Task item: From the line containing "要杜絕異常狀態(tài)下,用戶莫名其妙" to the line containing "为进一步拓宽就业渠道,促进人" in the records below, set down every line exactly as it stands, both ends included, and skip the pictures.

Data extracts:
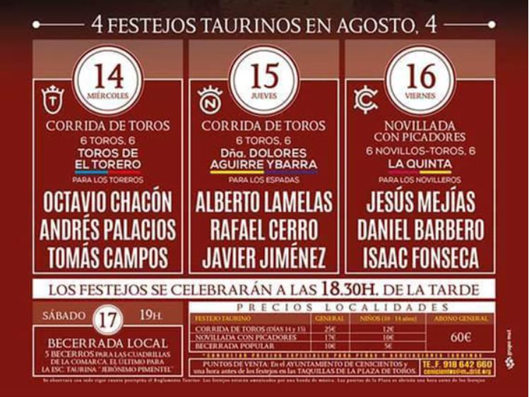 El pregón del martes arranca las fiestas de Cenicientos con fuegos artificiales y verbena. El miércoles a las 10.00 se desembarcan las reses, como el jueves y el viernes a la misma hora. El sábado hay becerrada a las 19.00 horas. Para los niños hay encierros infantiles fiesta del agua.
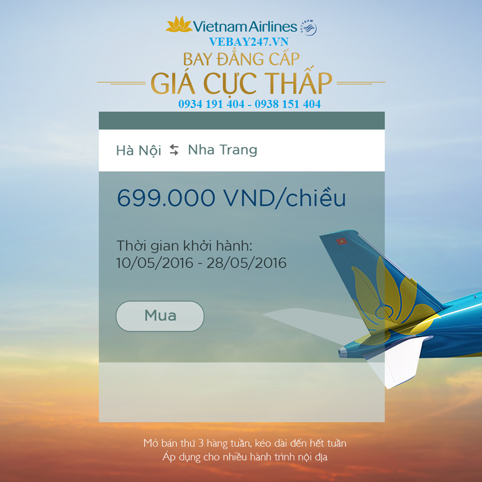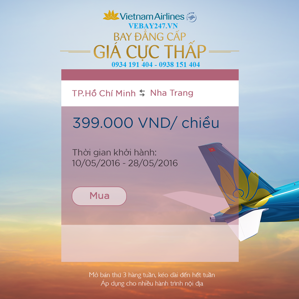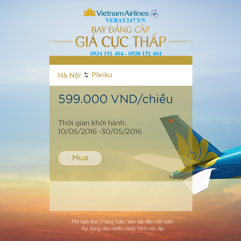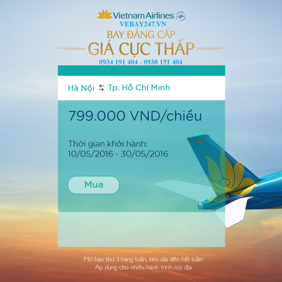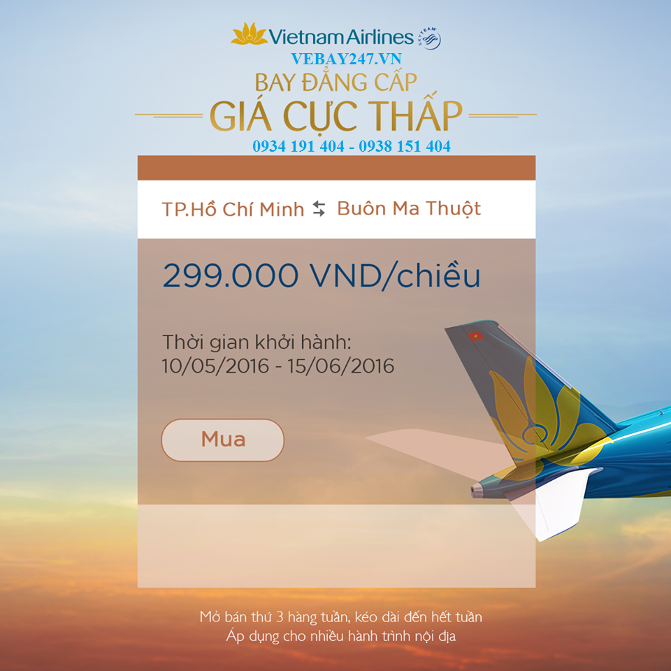 Đồng hành cùng chương trình "BAY ĐẲNG CẤP, GIÁ CỰC THẤP", của Vietnam Airlines trong tuần này, các bạn sẽ có cơ hội đặt được những tấm vé máy bay nội địa với giá chỉ 299.000đ/chiều. Vé giá rẻ chỉ được mở bán vào thứ 3 hằng tuần!, vì vậy các bạn hãy nhanh tay lên nhé
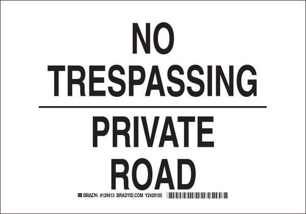 SKU G7411542Categories SafetyDescription Security Sign, Sign Subject Matter Trespassing and Property, Height 10 in, Width 14 in, Sign Material Plastic, Sign Mounting Style With Mounting Holes, Header No Header, Legend No Trespassing Private Road, Printed Language English, Sign Shape Rectangle$17.49 / eachWeb priceSecurity Sign, 10X14", Black/White, Sign Legend Color: BlackSKU G7411542Categories SafetyDescription Security Sign, Sign Subject Matter Trespassing and Property, Height 10 in, Width 14 in, Sign Material Plastic, Sign Mounting Style With Mounting Holes, Header No Header, Legend No Trespassing Private Road, Printed Language English, Sign Shape Rectangle$17.49 / eachWeb price -
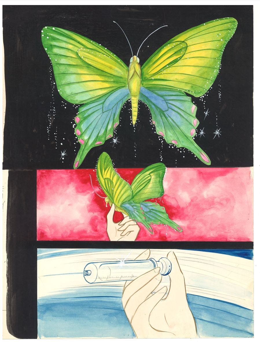ついに来週から『70年目の告白』最終回の現場に入ります。 最終回だけあって大増ページになる模様。がんばれ。 昨日『マツコの知らない世界』で漫画背景について語られてたんでガッツリ見てしまいました。 なるほどゲストの方は凄腕ですね……! ただ一筋29年には観ていた三人で「そうなんだー」(^▽^)みたいな反応になってしまって……。 すいません三人とも30年越えなもんで…。 大友作画については、AKIRAの背景も凄いのですが、我々などは『童夢』の背景こそ凄まじいのではなどと話しておりました。 あれこそ背景が物語の一部ですよね……背筋の凍る作画ですわ……。 あれはデジタルではむしろ出来ない気がしますね。 まあアトリエ高階でも背景はアナログですけど。 むしろ早いまでありますね。 『昆虫の家』 159P 1973年(昭和48年) 講談社『なかよし』付録 真逆の境遇に生まれついた二人の少女。その美と妄執、そして悲劇。 コミックス未収録の付録用カラー、かなりレアです。 PR
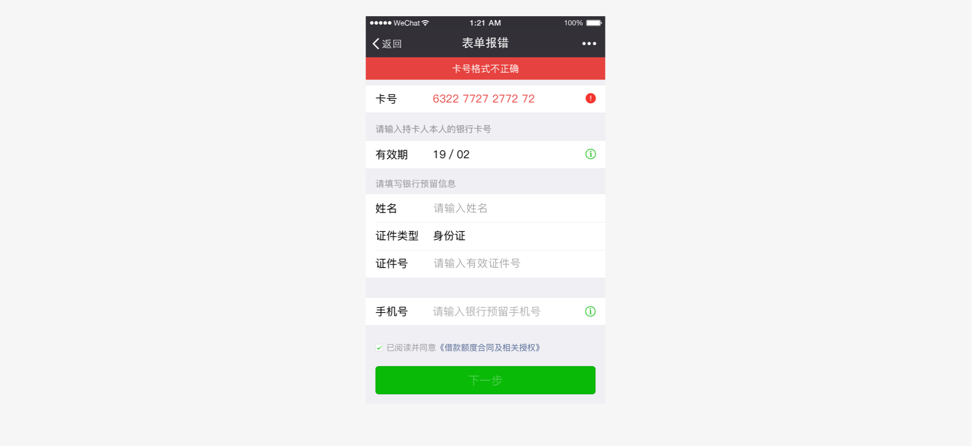 要杜絕異常狀態(tài)下,用戶莫名其妙又無處可去,卡在某一個頁面的情況。2.2中所提到的彈窗和結(jié)果頁面都可作為異常狀態(tài)的提醒方式。除此之外,在表單頁面中尤其是表單項較多的頁面中,還應(yīng)明確指出出錯項目,以便用戶修改。
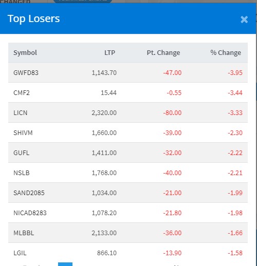 आज गुमाउने कम्पनीहरुमा गुडविल फाइनान्सको ३.९५ प्रतिशत अकं, सिटिजन म्युचुअल फण्डको ३.४४ प्रतिशत अकं, लाइफ इन्स्योरेन्सको ३.३३ प्रतिशत अकं र शिवम् सिमेन्टको २.३० प्रतिशत अकंले घटेको हो ।
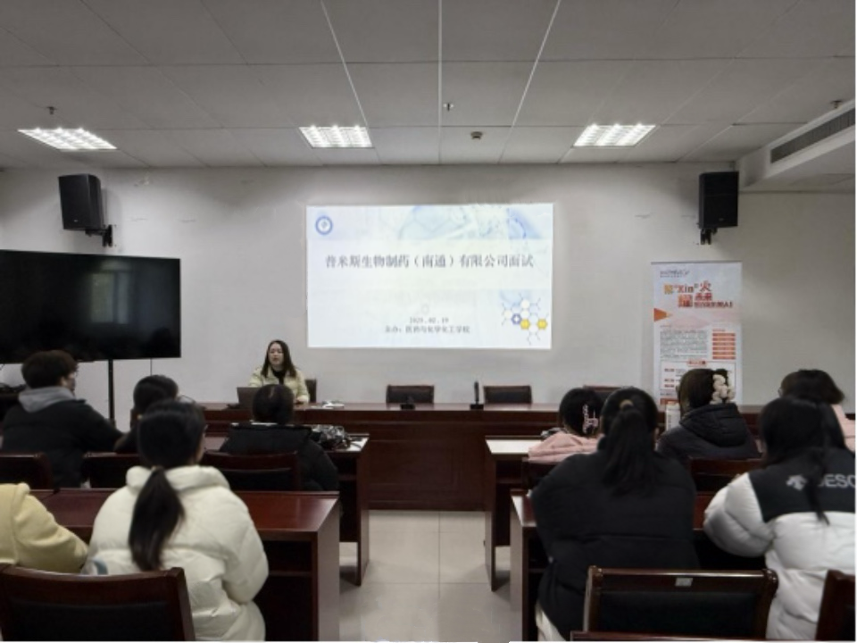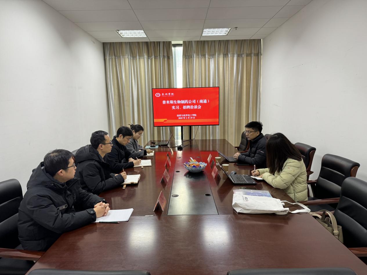为进一步拓宽就业渠道,促进人才供需匹配精准对接,近日,william威廉英国官网邀请普米斯生物制药(南通)有限公司来校开展专场招聘会。公司党总支副书记、副经理张红祥,副经理朱禹、院学工办主任、就业辅导员以及2025届毕业生代表参加活动。
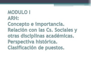 Este documento presenta una introducción a la administración de recursos humanos agropecuarios. Define la administración de recursos humanos como la organización y gestión de personas en el trabajo para desarrollar su potencial y contribuir a los objetivos de la empresa. También explora brevemente la importancia histórica del trabajo y las perspectivas científicas como la esclavitud, el feudalismo, el liberalismo y el marxismo. Concluye que la administración es tanto un arte como una ciencia que aplica el método científico para desarrollar conoc
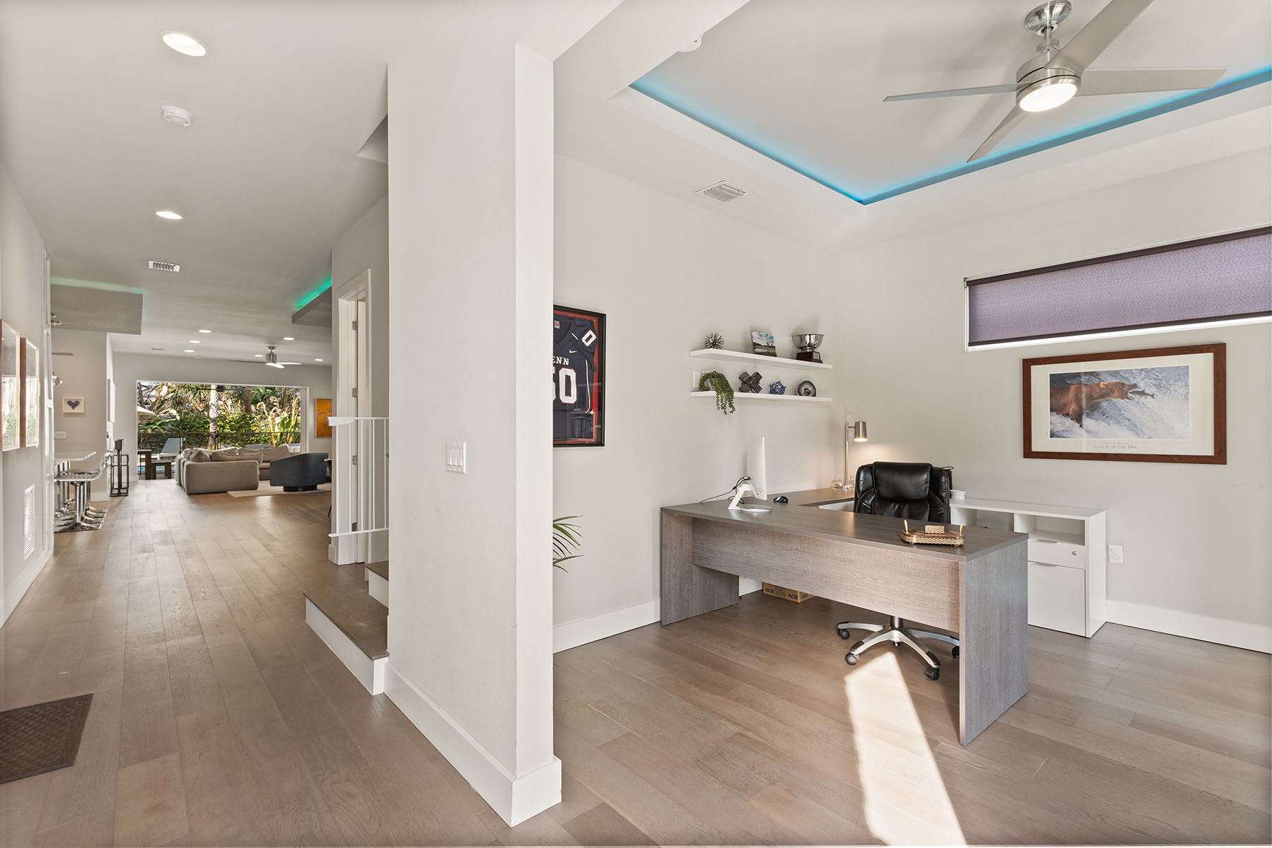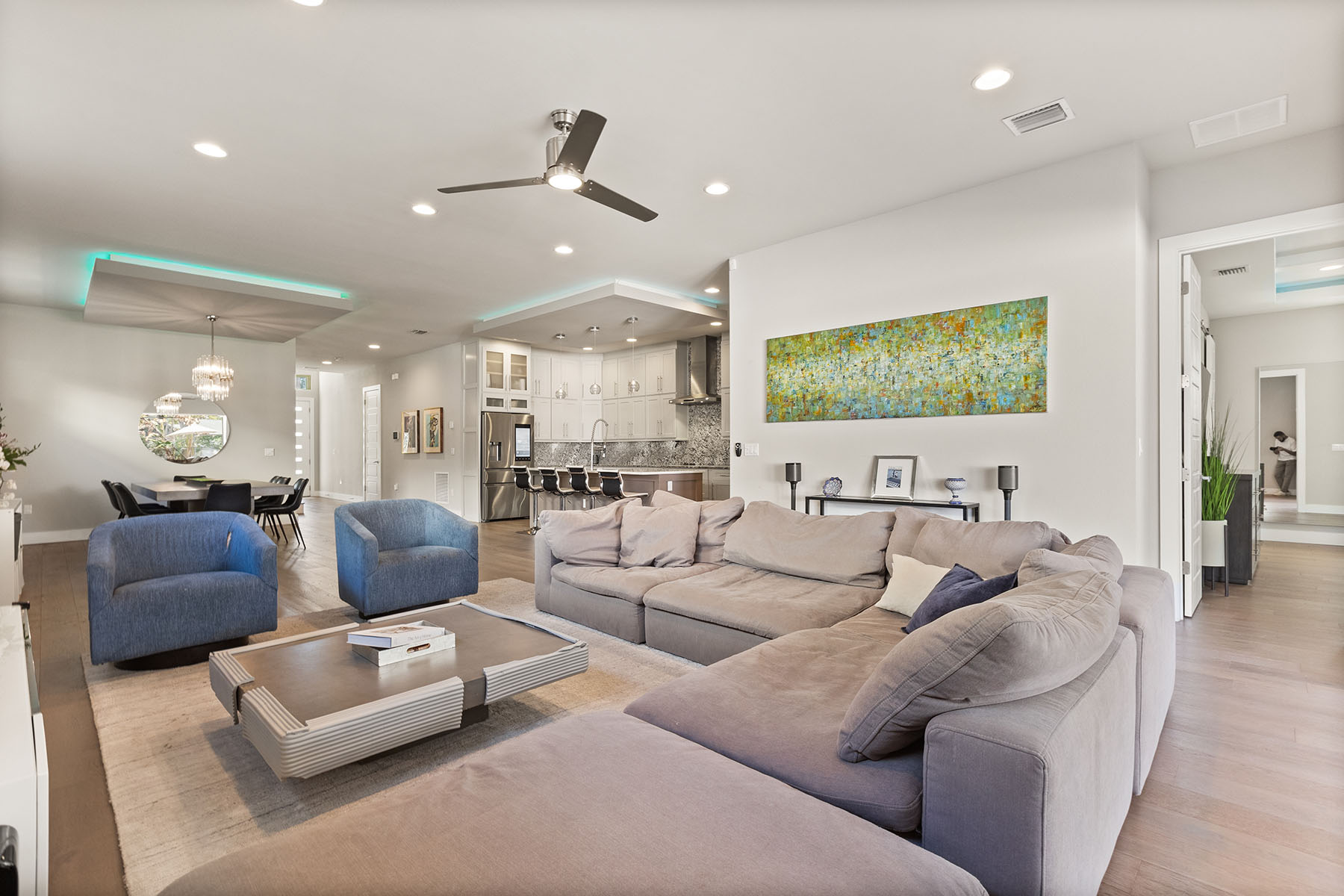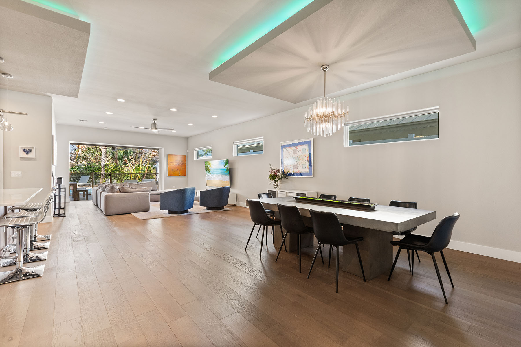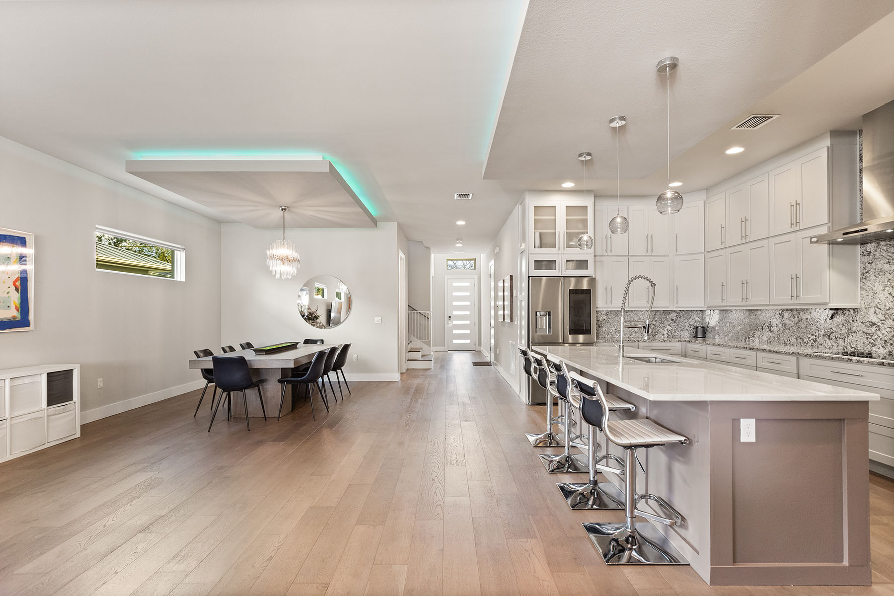 Discover Orwin Manor, one of Winter Park's established neighborhoods centrally located within an easy distance to the Orange Avenue WP corridor and minutes to downtown Orlando. Transitional architecture with modern leaning influences, this home is designed for ease of living. This four-bedroom 3.5-bath home stretches across nearly 3,200 square feet and features open kitchen to dining and living spaces that all blend into a covered porch to backyard retreat. The kitchen is the center of the home with custom double-stacked cabinetry to ceiling, upgraded appliances, large pantry with barn door, center island with bar seating, and full granite slab backsplash and counters add to the artistry of the kitchen. Ceilings are upgraded throughout with floating box details with ambient lighting that gently wash the ceilings and colors can be changed as you wish. Dining and living spaces are generous, and lined with transom windows for privacy and natural light that creates a beautiful backdrop to gather and entertain in. Invisible back doors fully open to the lanai and slide into the wall, staying hidden, an elegant upgrade. Covered porch with tongue and groove ceiling overlooks saltwater pool with hot tub and spillway. Professionally landscaped includes a turfed putting green for the golf enthusiast. Additional main floor flex space can be additional living or home office. Secondary bedrooms are upstairs with generous bonus space and laundry. First-floor primary suite is light and bright, with coffered ceilings and a large walk-in closet. Primary bath is neutrally appointed with dual floating vanities with vessel sinks, a soaking tub, and walk-in shower with seamless glass. A transom window provides privacy and a glow of sunshine and warmth. Lots of seller upgrades. This property is turnkey. Orwin Manor is a special neighborhood blending historic homes with new builds and great neighborhood park to go to. It is also a strategic location, minutes to Park Avenue in Winter Park, known for its upscale dining, elevated cafés and luxury local shopping, also a short distance to Orange Avenue corridor in WP featuring Foxtail Coffee & Buttermilk Bakery and more, and minutes to the Mills district, Advent Health on Rollins as well as major roadways. Great schools, zoned for Edgewater High, known for its magnet program and close to Lake Highland and many other private school options.
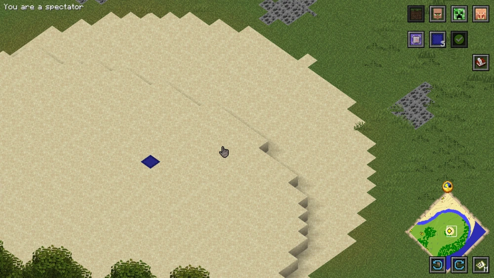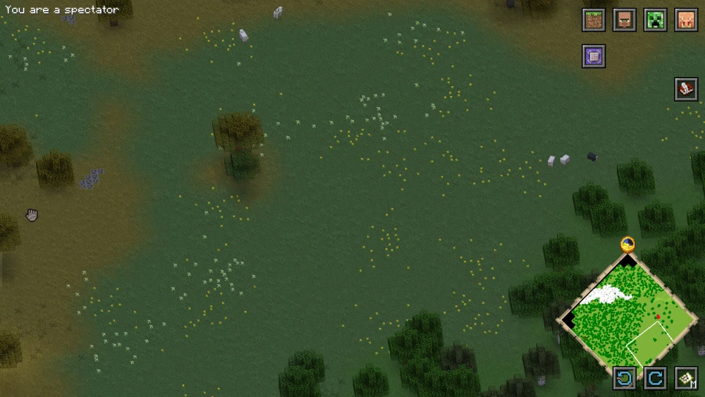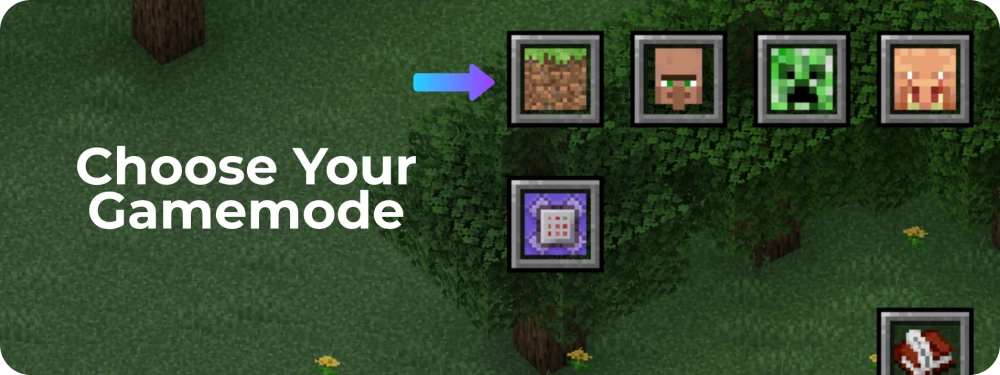 Clicking on the grass block icon shown in the image will allow you to switch your game mode. This button will be located at the top-right corner of your screen.
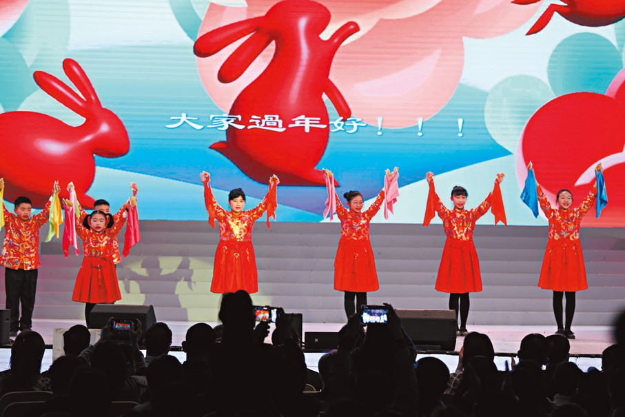 來自不同社區的小朋友以快板演出向公眾拜早年。 圖源:香港文匯報 李家超表示,“中國春節文化展覽每年在全球各地舉行,以不同藝術形式立體地呈現中國傳統春節文化,不但凝聚海內外華人,更向世界展示中國文化獨有魅力。癸卯兔年,『歡樂春節』展覽第一次來到香港展出,以『兔躍青山,萬物生輝』為主題,在港九新界呈現不同的新春場景,與市民共慶新禧,別具意義。”
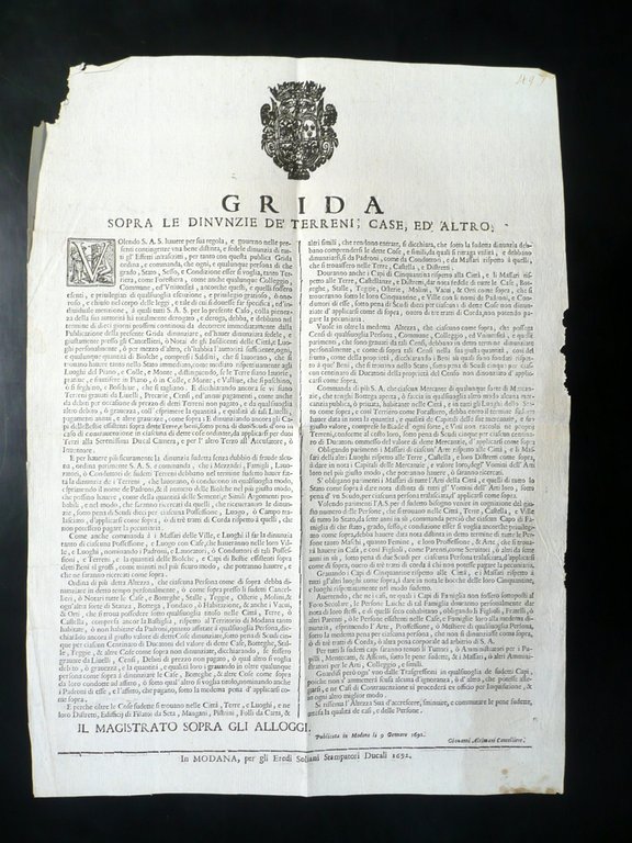 Grida, Grida sopra le dinunzie de' terreni, case, ed altro Volendo S. A. S. havere per sua regola, e governo nelle presenti contingenze una bene distinta, e fedele dinunzia di tutti gl'Effetti infrascritti, per tanto con questa publica Grida ordina, e comanda, che ogni e qualunque persona [.] debba, e debbano nel termine di dieci giorni prossimi continuoi da decorrere immediatamente dalla publicazione della presente Grida dinunziare, ed haver dinunziata fedele, e giustamente [.] ogni, e qualunque quantità di biolche [.] Per gli Eredi Soliani Stampatori Ducali, Modena 1692; cm 44,5x32,5; testo su due colonne, bel capolettera e stemma Estense incisi. Condizioni di conservazione Esemplare ben conservato con tracce d'uso, pieghe di conservazione, qualche piccola lieve brunitura, un margine esterno con un paio di minime mancanze, angolo sup. sinistro con circoscritta mancanza che non interessa il testo (vedi foto), poche tracce di pieghette. Grida molto dettagliata e specifica, con indicati numerosi tipi di immobili da denunciare: filatoi, mulini, osterie, stalle, ecc. SC03.D13412 N "

Answer space:
 要杜絕異常狀態(tài)下,用戶莫名其妙又無處可去,卡在某一個頁面的情況。2.2中所提到的彈窗和結(jié)果頁面都可作為異常狀態(tài)的提醒方式。除此之外,在表單頁面中尤其是表單項較多的頁面中,還應(yīng)明確指出出錯項目,以便用戶修改。
 आज गुमाउने कम्पनीहरुमा गुडविल फाइनान्सको ३.९५ प्रतिशत अकं, सिटिजन म्युचुअल फण्डको ३.४४ प्रतिशत अकं, लाइफ इन्स्योरेन्सको ३.३३ प्रतिशत अकं र शिवम् सिमेन्टको २.३० प्रतिशत अकंले घटेको हो ।
为进一步拓宽就业渠道,促进人才供需匹配精准对接,近日,william威廉英国官网邀请普米斯生物制药(南通)有限公司来校开展专场招聘会。公司党总支副书记、副经理张红祥,副经理朱禹、院学工办主任、就业辅导员以及2025届毕业生代表参加活动。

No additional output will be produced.